Ward Benshoof, partner in the Environment, Land Use & Natural Resources Group, was handling a post-judgment debt collection case two years ago when he learned evidence seemed to have little substance.
One of the country’s largest debt buyers was pursuing his pro bono client with such vigor that she felt compelled to pawn her wedding ring to settle a default judgment against her in Los Angeles County Superior Court.
After arranging a settlement between his client and the debt buyer, Benshoof was curious and called the bank that originated the loan and sold the debt, but the bank had no record of the debt.
“It was one of several eye-opening experiences for me in the case,” Benshoof says. “I felt naive. How could the court have entered a judgment?”
The only evidence in discovery was a spreadsheet with his client’s name and some dollar figures. A clerk processed the creditor’s claim on the document, noted that she had been served with a suit and then entered judgment after it went unchallenged. No judge had reviewed the lawsuit.

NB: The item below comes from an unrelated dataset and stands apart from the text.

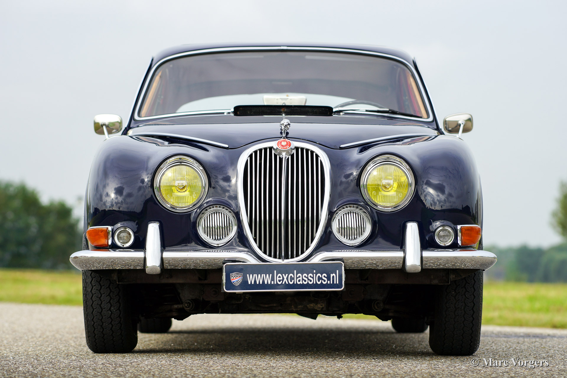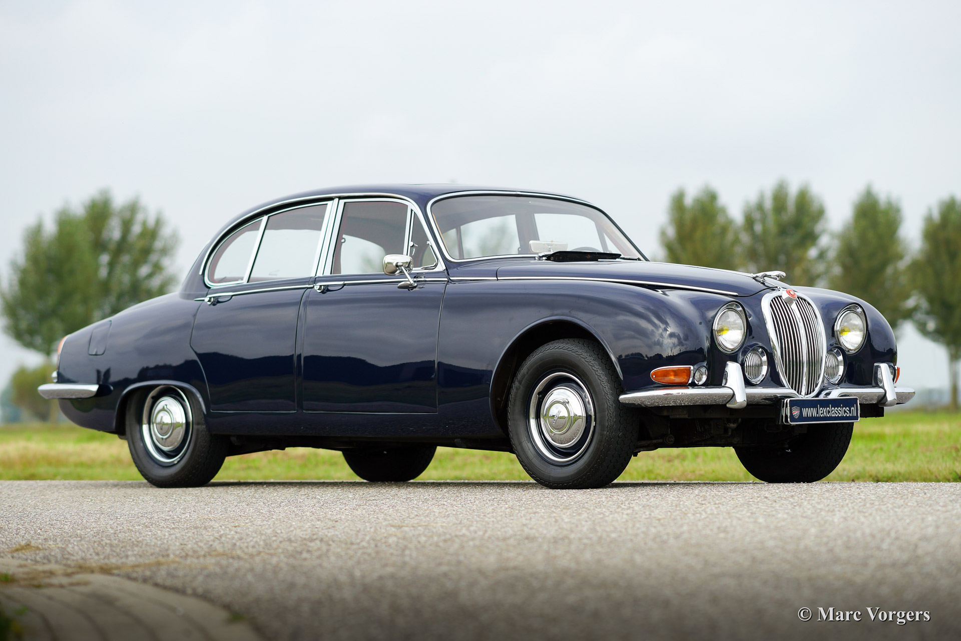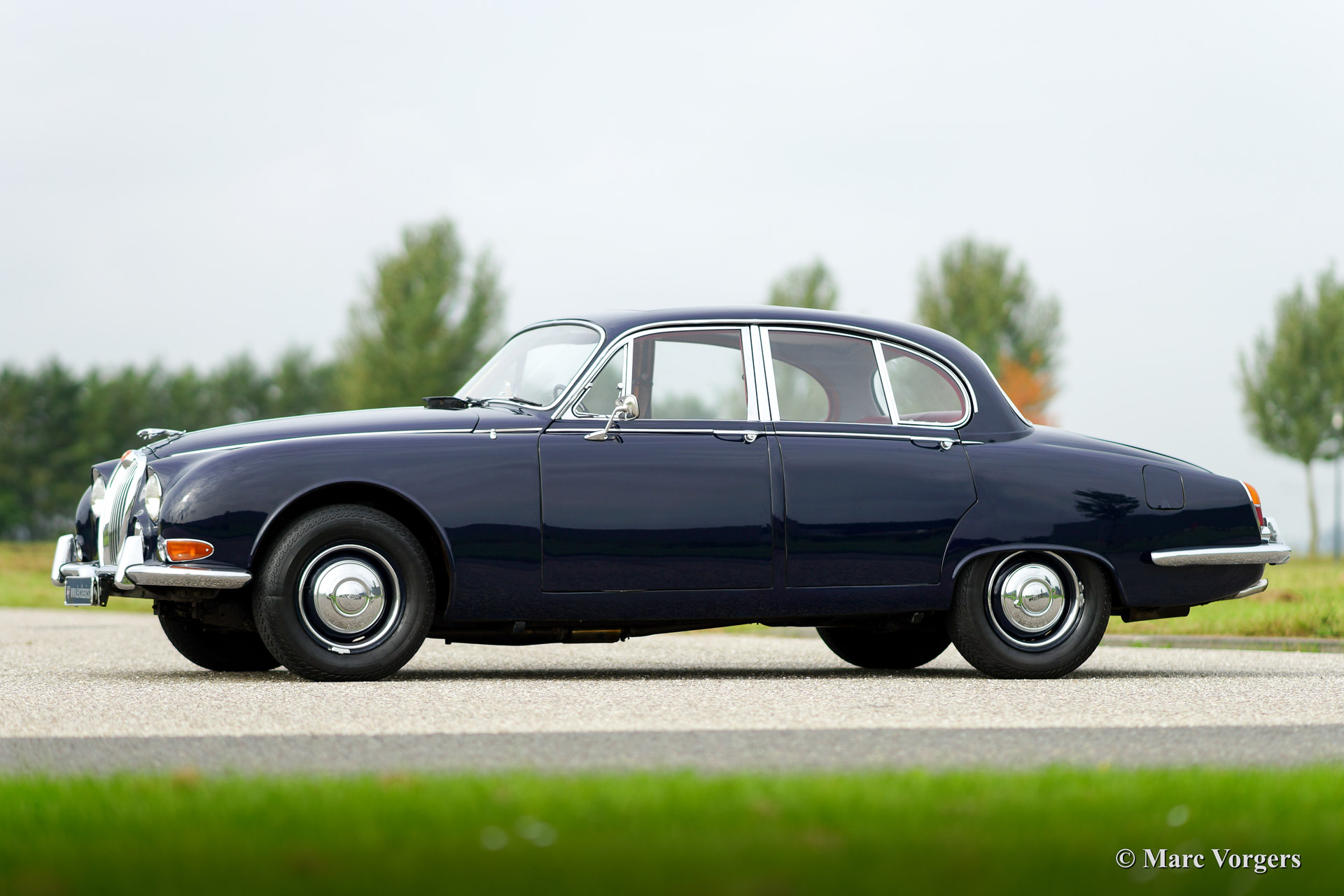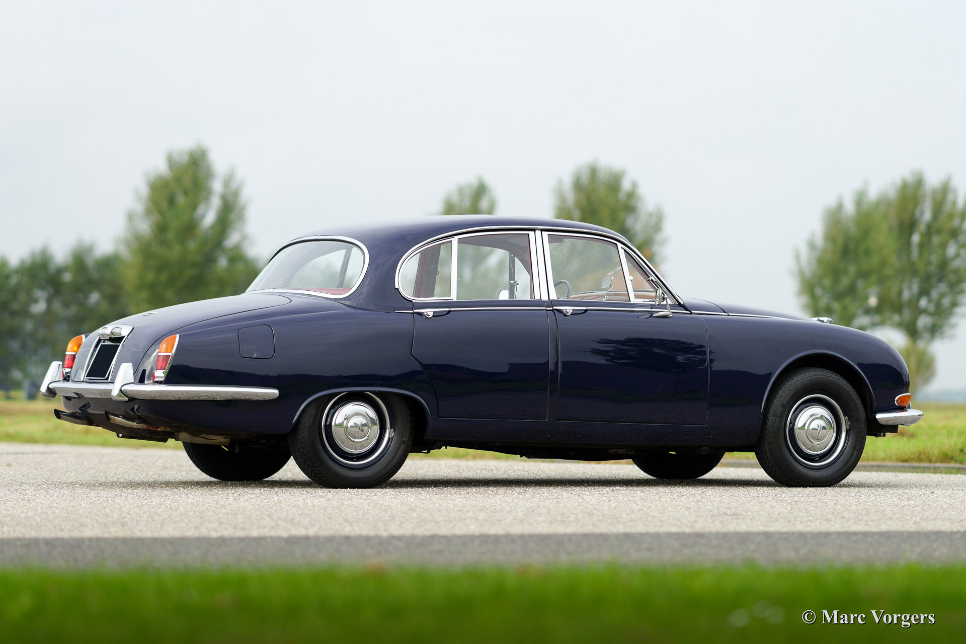 Jaguar S-type 3.4 Litre saloon, year 1965. Chassis number P1B25539BW. Colour dark blue with a red leather interior. The delightful Jaguar S-type is the bigger brother of the Jaguar Mk II. This automobile was extensively restored a few years ago and the car is in superb (excellent+) condition. The automobile was sold new in the Netherlands where it started it's service as the board limousine of the 'Van Gend & Loos' company. The Jaguar features a very plush and luxurious interior, automatic gearbox, radio, two additional driving lamps at front and a factory original sliding roof! Further more the car comes well documented with service invoices and a Heritage certificate.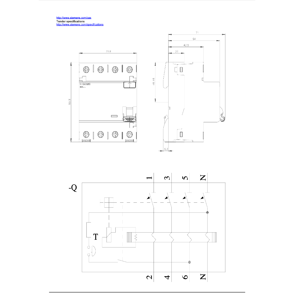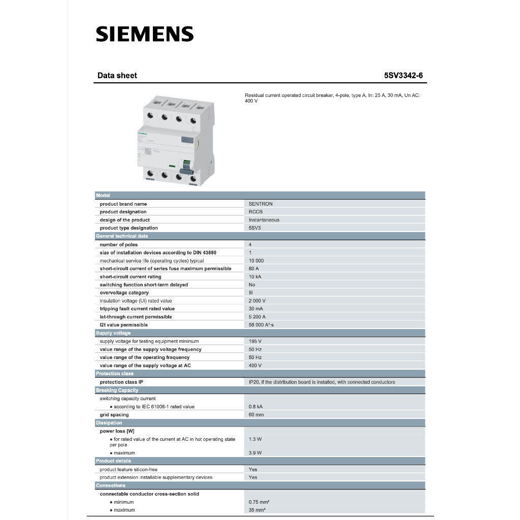 SIEMENS กันไฟดูด/ไฟรั่ว 5SV33 3P+N 25A - 40A 30mA Type A RCCB instantaneous

Benshoof has notified some courts of his unscientific study of Alston & Bird’s dockets: when filing complaints, debt buyers aren’t disclosing when the debt was purchased, thus possibly triggering the Fair Debt Buying Practices Act’s more rigorous scrutiny.
“We also believe that clerks still are processing default judgments and they shouldn’t be because there is still too much reliance on affidavits and not enough information disclosed,” Benshoof said. The law’s more comprehensive and detailed requirements for proof would go unmet if that happens, he explained, adding that he believes the law’s attempt to get beyond the old common-law book-of-accounts standard requires judicial determinations.
Benshoof’s solution: a checklist that would serve as an alternative to full implementation of the act’s comprehensive scope, thereby relieving judges of the increased workload that judicial determinations would entail. The checklist includes facts, based on requirements in the statute that clerks could use to winnow cases filed by debt buyers without exceeding their administrative function and encroaching on a judicial one.
The checklist would ask debt buyers a series of questions that otherwise would require a judge’s review. The questions would help ascertain the validity of a balance charge-off, along with an accounting of any fees or interest; date of default or last payment; charge-off creditor’s name and address and the account number; names and addresses of all previous purchasers of the debt; and attachment of the original contract or similar evidence of the consumer’s agreement to the debt.
“I’ve gotten good feedback from some judges,” Benshoof says.
In 2014, New York adopted the Unified Court System Rules, which require debt buyers filing lawsuits to provide affidavits from original creditors and all subsequent buyers and attach copies of key documents.
Benshoof, who has reviewed New York’s new procedures and checklist, said he believes a deeper-diving checklist is needed.
“Clerks aren’t trained in evaluating evidence. Judges are.”